> **Recorded data**
########################################
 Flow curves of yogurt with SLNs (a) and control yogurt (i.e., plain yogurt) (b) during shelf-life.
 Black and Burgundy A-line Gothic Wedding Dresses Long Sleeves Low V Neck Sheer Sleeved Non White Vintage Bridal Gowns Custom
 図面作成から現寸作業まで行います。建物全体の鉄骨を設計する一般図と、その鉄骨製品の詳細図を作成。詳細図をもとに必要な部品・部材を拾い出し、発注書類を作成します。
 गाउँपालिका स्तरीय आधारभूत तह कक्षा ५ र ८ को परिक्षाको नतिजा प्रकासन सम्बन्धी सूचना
########################################
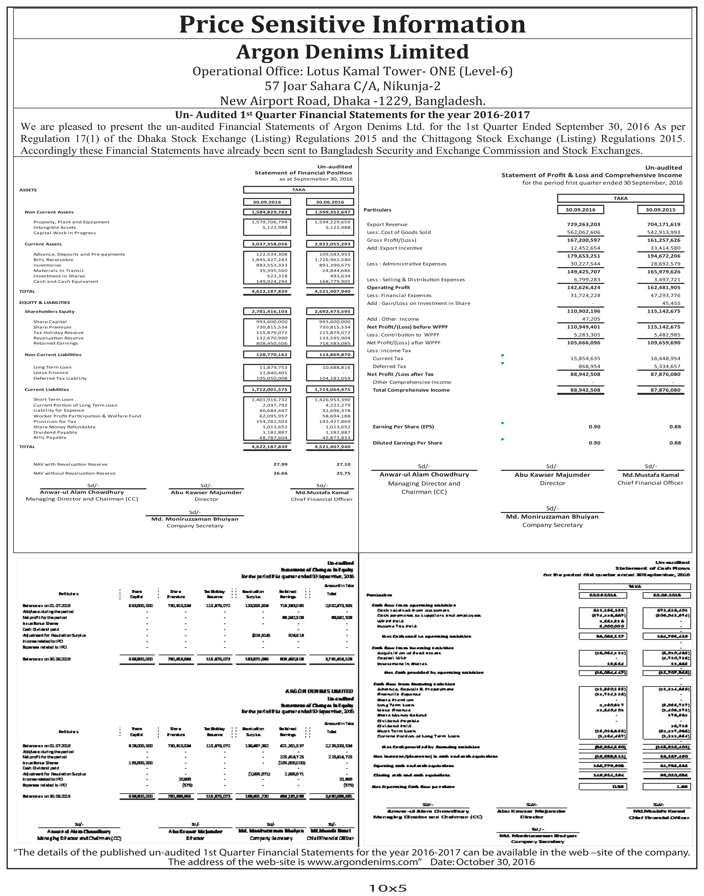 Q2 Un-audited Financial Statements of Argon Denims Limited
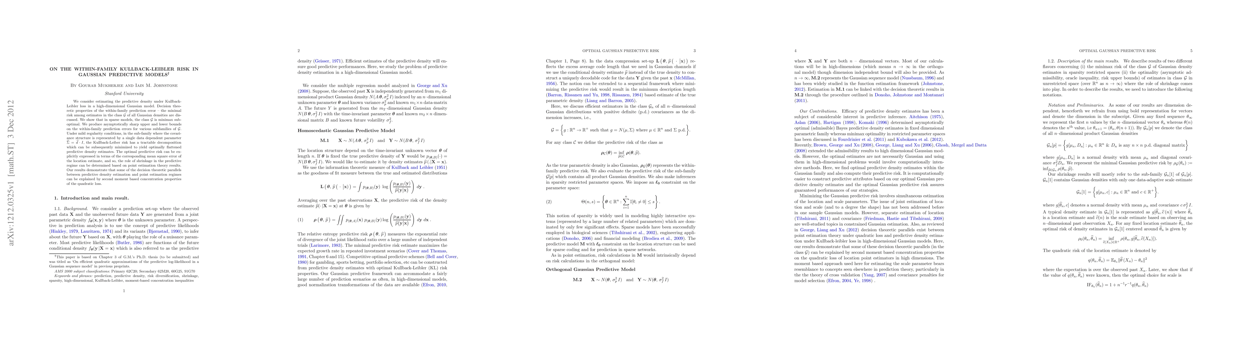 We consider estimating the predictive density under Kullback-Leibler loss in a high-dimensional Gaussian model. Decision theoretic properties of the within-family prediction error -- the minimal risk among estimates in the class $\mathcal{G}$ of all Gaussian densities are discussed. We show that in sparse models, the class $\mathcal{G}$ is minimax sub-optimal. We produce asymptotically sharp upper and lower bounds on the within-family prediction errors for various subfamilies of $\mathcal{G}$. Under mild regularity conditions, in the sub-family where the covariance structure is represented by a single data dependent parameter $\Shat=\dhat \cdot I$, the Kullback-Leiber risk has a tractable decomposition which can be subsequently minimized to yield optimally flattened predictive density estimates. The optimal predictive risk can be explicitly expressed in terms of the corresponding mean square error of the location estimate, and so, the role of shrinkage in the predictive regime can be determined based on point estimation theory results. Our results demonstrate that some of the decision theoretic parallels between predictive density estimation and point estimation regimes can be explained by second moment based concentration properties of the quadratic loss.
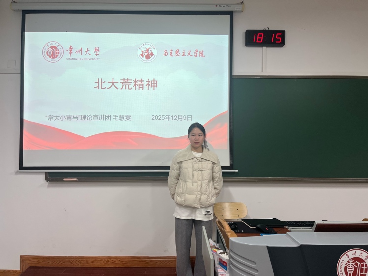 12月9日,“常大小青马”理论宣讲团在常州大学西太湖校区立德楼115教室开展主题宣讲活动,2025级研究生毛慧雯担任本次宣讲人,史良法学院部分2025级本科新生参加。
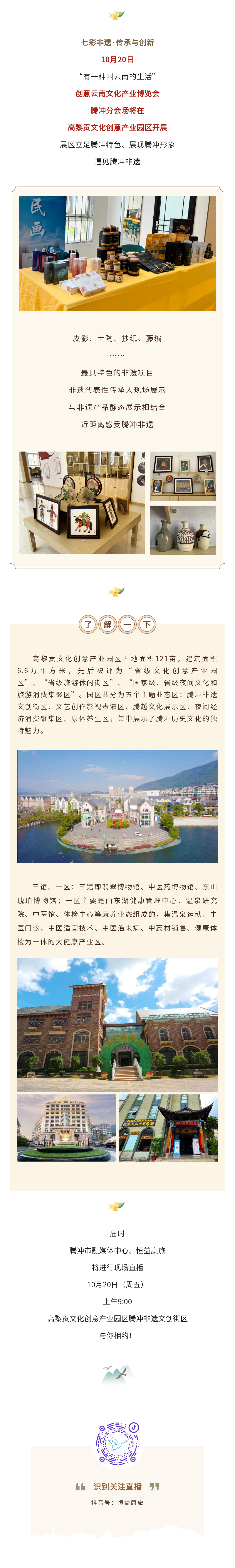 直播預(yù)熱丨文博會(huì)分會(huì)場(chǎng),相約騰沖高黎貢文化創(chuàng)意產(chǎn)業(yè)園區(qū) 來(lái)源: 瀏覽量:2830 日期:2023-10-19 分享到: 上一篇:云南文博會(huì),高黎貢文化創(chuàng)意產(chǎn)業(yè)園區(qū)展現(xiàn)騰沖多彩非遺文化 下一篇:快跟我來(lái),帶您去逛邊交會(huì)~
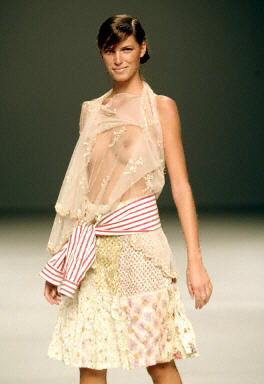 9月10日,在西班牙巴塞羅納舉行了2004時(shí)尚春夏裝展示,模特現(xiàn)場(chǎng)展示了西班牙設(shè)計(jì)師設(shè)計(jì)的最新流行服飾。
########################################
> **Required work**
Look above for the line containing "Black and Burgundy". Output from there through the line containing "गाउँपालिका स्तरीय आधारभूत", exactly and inclusively.

> **Exercise response**
 Black and Burgundy A-line Gothic Wedding Dresses Long Sleeves Low V Neck Sheer Sleeved Non White Vintage Bridal Gowns Custom
 図面作成から現寸作業まで行います。建物全体の鉄骨を設計する一般図と、その鉄骨製品の詳細図を作成。詳細図をもとに必要な部品・部材を拾い出し、発注書類を作成します。
 गाउँपालिका स्तरीय आधारभूत तह कक्षा ५ र ८ को परिक्षाको नतिजा प्रकासन सम्बन्धी सूचना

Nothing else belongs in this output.